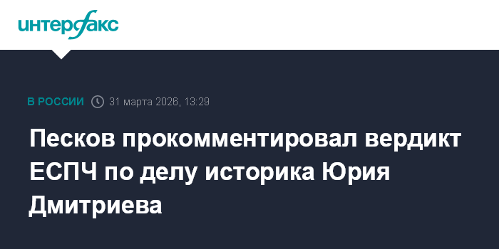 Песков прокомментировал вердикт ЕСПЧ по делу историка Юрия Дмитриева
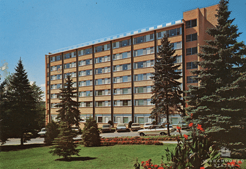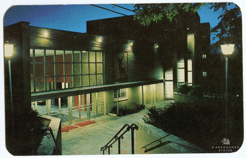Вид с другого конца. На этой открытке написано: "В ультрасовременном здании находятся столовая, коктейль-холл, холлы и офисы"
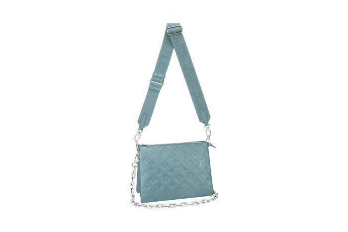柔らかなラムレザーを使用し、モノグラム・パターンをエンボス加工で施してふっくらとしたクッションのような風合いに仕上げています。取外し可能なチェーンで、クラッチバッグやショルダーバッグ、ベルトバッグなどさまざまな持ち方を楽しめるのも魅力です。
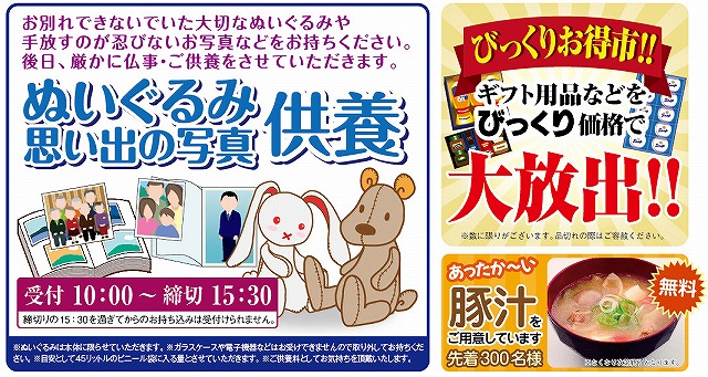 「びっくりお得市」や旬な野菜が3点で50円「野菜即売会」。そしてガラポン抽選会等々を催し物が盛りだくさん!!

#####

=== Task statement ===
Exactly the lines from the one containing "柔らかなラムレザーを使用し、" through the end of the data above: repeat those, both ends included, and nothing else. Skip the pictures.

=== Response area ===
柔らかなラムレザーを使用し、モノグラム・パターンをエンボス加工で施してふっくらとしたクッションのような風合いに仕上げています。取外し可能なチェーンで、クラッチバッグやショルダーバッグ、ベルトバッグなどさまざまな持ち方を楽しめるのも魅力です。
 「びっくりお得市」や旬な野菜が3点で50円「野菜即売会」。そしてガラポン抽選会等々を催し物が盛りだくさん!!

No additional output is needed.